We can now easily see that the word most representative of non-distressed texts is “interesting”, which is far more representative of one group than any other word in the analysis.

The angle_group aesthetic can be used to separate out the words more frequent in distressed texts from those more frequent in non-distressed texts:

set.seed(2)

distressed_texts_binary |> 
  # top 150 highest discrepancy words
  arrange(desc(freq_ratio_log_magnitude)) |> 
  slice_head(n = 150) |> 
  # plot
  ggplot(aes(label = word, 
             size = freq_ratio_log_magnitude, 
             color = distressed_freq_ratio,
             angle_group = distressed_freq_ratio > 1)) +
    geom_text_wordcloud(show.legend = TRUE) + # wordcloud geom
    scale_radius(range = c(2, 18), guide = "none") + # control text size
    scale_color_gradient2(
      name = "Distressed /\nNon-distressed\nFrequency",
      labels = ~ MASS::fractions(.x), # show legend labels as fractions
      low = "blue3", mid = "grey", high = "red3", # set diverging color scale
      trans = "log2" # log scale
      ) +
    theme_void() # blank background

Alternatively, we can specify an original position for each label (as x and y aesthetics) to create multiple clouds:

set.seed(2)

distressed_texts_binary |> 
  # top 100 highest discrepancy words
  arrange(desc(freq_ratio_log_magnitude)) |> 
  slice_head(n = 150) |> 
  # plot
  ggplot(aes(label = word, 
             size = freq_ratio_log_magnitude, 
             color = distressed_freq_ratio,
             x = distressed_freq_ratio < 1,
             y = distressed_freq_ratio > 1)) +
    # wordcloud geom
    geom_text_wordcloud(show.legend = TRUE) + 
    # control text size
    scale_radius(range = c(2, 18), guide = "none") + 
    scale_color_gradient2(
      name = "Distressed /\nNon-distressed\nFrequency",
      # show legend labels as fractions
      labels = ~ MASS::fractions(.x), 
      # set diverging color scale
      low = "blue3", mid = "grey", high = "red3", 
      # log scale
      trans = "log2" 
      ) +
    theme_void() # blank background

5.2.2 Word Clouds for Continuous Variables of Interest

Recently, some have advocated using correlation coefficients instead of frequency ratios in word clouds. This approach has three advantages:

  1. Correlation coefficients take variance into account.
  2. Since correlation coefficients are more commonly used, it is easier to perform significance testing on them. This way we can include only significant results in the visualization.
  3. Unlike frequency ratios, which always compare two groups, correlation coefficients can be applied to continuous variables of interest.

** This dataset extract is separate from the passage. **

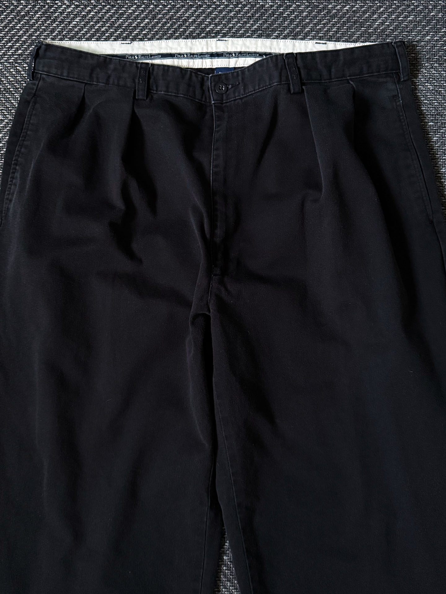 90년대 생산된 Polo by Ralph Lauren ‘Andrew Pant’ 모델로, 폴로 치노 라인의 대표적인 클래식 실루엣을 보여주는 아이템입니다. 와이드하면서도 자연스럽게 떨어지는 투턱 디자인으로, 허리부터 밑단까지 흐르는 드레이프가 안정감 있고 세련된 인상을 줍니다.

To apply this method to the data from Buechel et al. (2018), we can use participants’ continuous distress ratings for each text. We count the occurrences of each word in each text, and measure the correlation between these frequency variables and the corresponding distress ratings. Since the association may be non-linear, we use the Kendall rank correlation. You can see the full calculations by pressing the “View Source” button at the bottom of this page.

We can now map the strength of the correlation (i.e. abs(cor)) to size, and use color to show the direction of the correlation.

distress_cor <- read_csv("data/distress_cor.csv", show_col_types = FALSE)
head(distress_cor)
#> # A tibble: 6 × 2
#>   word      cor
#>   <chr>   <dbl>
#> 1 and    0.0983
#> 2 from   0.0680
#> 3 how    0.0448
#> 4 is     0.0422
#> 5 it    -0.0354
#> 6 me     0.0473
set.seed(2)

distress_cor |> 
  arrange(desc(abs(cor))) |> 
  ggplot(aes(label = word, 
             color = cor, 
             size = abs(cor),
             angle_group = cor < 0)) +
    geom_text_wordcloud(eccentricity = 1.2, show.legend = TRUE) +
    scale_radius(range = c(4, 15), guide = "none") +
    labs(caption = "All correlations passed significance testing at p < .05") + 
    scale_color_gradient2(
        name = "Correlation\nwith distress\n(Kendall's τ)",
        low = "blue3", mid = "white", high = "red3", # set diverging color scale
        ) +
    theme_void()

“Interesting” is still the most highly correlated word, indicating lack of distress, but now we can see that “and” and “we” are highly indicative of distress. The assurance that all correlations passed significance testing makes for a particularly convincing graphic.

5.2.3 Advanced Word Clouds

For more information about how word clouds are generated and how to customize them, see Pennec (2023). Be careful though - any customization of your word clouds should be in the service of communicating information effectively.


Advantages of Word Clouds
  • To the Point: Word clouds emphasize words most characteristic of the variable of interest.
  • No Interactivity Required: Word clouds show many words at once without requiring interactivity.
  • Looks Fancy
Disadvantages of Word Clouds
  • Hard to Interpret Proportions: Size and color aesthetics make it extremely difficult to compare values of different words (e.g. Is x twice as blue as y?).
  • Vague: By showing many words at the same time, word clouds make it difficult to focus in on particular stories.

Press the “View Source” button below to see the hidden code blocks in this chapter.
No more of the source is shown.